The Movement for Ecological Truth

This blog was inspired by the following quote by Oystein Dahle, former Vice President, Exxon, Norway: "Socialism collapsed because it did not allow prices to tell the economic truth. Capitalism may collapse because it does not allow prices to tell the ecological truth."

Monday, May 01, 2006

So what would such a plan look like?

Because there is lots of interest in gasoline right now, I'm going to start with petroleum, but this method can (and should) be applied address across the board, starting with coal and other fossil fuels and moving to mining, lumber, and grazing and eventually to overdevelopment, loss of biodiversity, and toxic emissions.

First, we calculate the cost to society of burning petroleum. We phase in a tax on the import or use of petroleum equal to this, and refund the proceeds to all legal residents (equally per capita).

Back in 1998, the "external" cost of gasoline was calculated at roughly $9 per gallon of gasoline:

So this means implementing a tax of about $500/barrel, which I'd phase in at $10/barrel every month for 4 years. (Actually, some of this money would be recovered by reducing subsidies -- the net effect would be the same).

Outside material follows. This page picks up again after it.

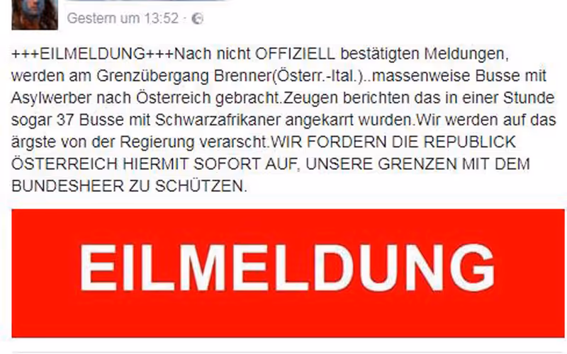 Innsbruck – Ein Facebook-Posting über angebliche Flüchtlingstransporte über den Brenner sorgt derzeit für gehörig Aufregung in den sozialen Medien. Laut dem mit Fehlern durchsetzten Eintrag vom Montag werden aktuell „nach nicht offiziell bestätigten Meldungen (...) massenweise Busse mit Asylwerber (sic!) nach Österreich gebracht“. Zeugen hätten demzufolge von 37 Bussen innerhalb einer Stunde berichtet, die den Grenzübergang von Italien nach Tirol passiert hätten. Das Posting wurde bis Dienstagnachmittag bereits mehr als 4000 Mal geteilt.

Assuming our use dropped from 15M barrels a day to 10M barrels a day, this would still raise $1.8 trillion dollars a year, or over $6,000 per person.

For a family of four, this means $24,000 to spend. They could use it to buy the same products you always have (not only will gasoline cost more, but utility bills will go up, the cost of plastic will go up, and even the cost of items such as food will go up, because they require petroleum to process and ship). Or, they could save money by driving less, installing insulation, buying local produce, and doing all of those conservation actions which they could never econommically justify (or even afford) before.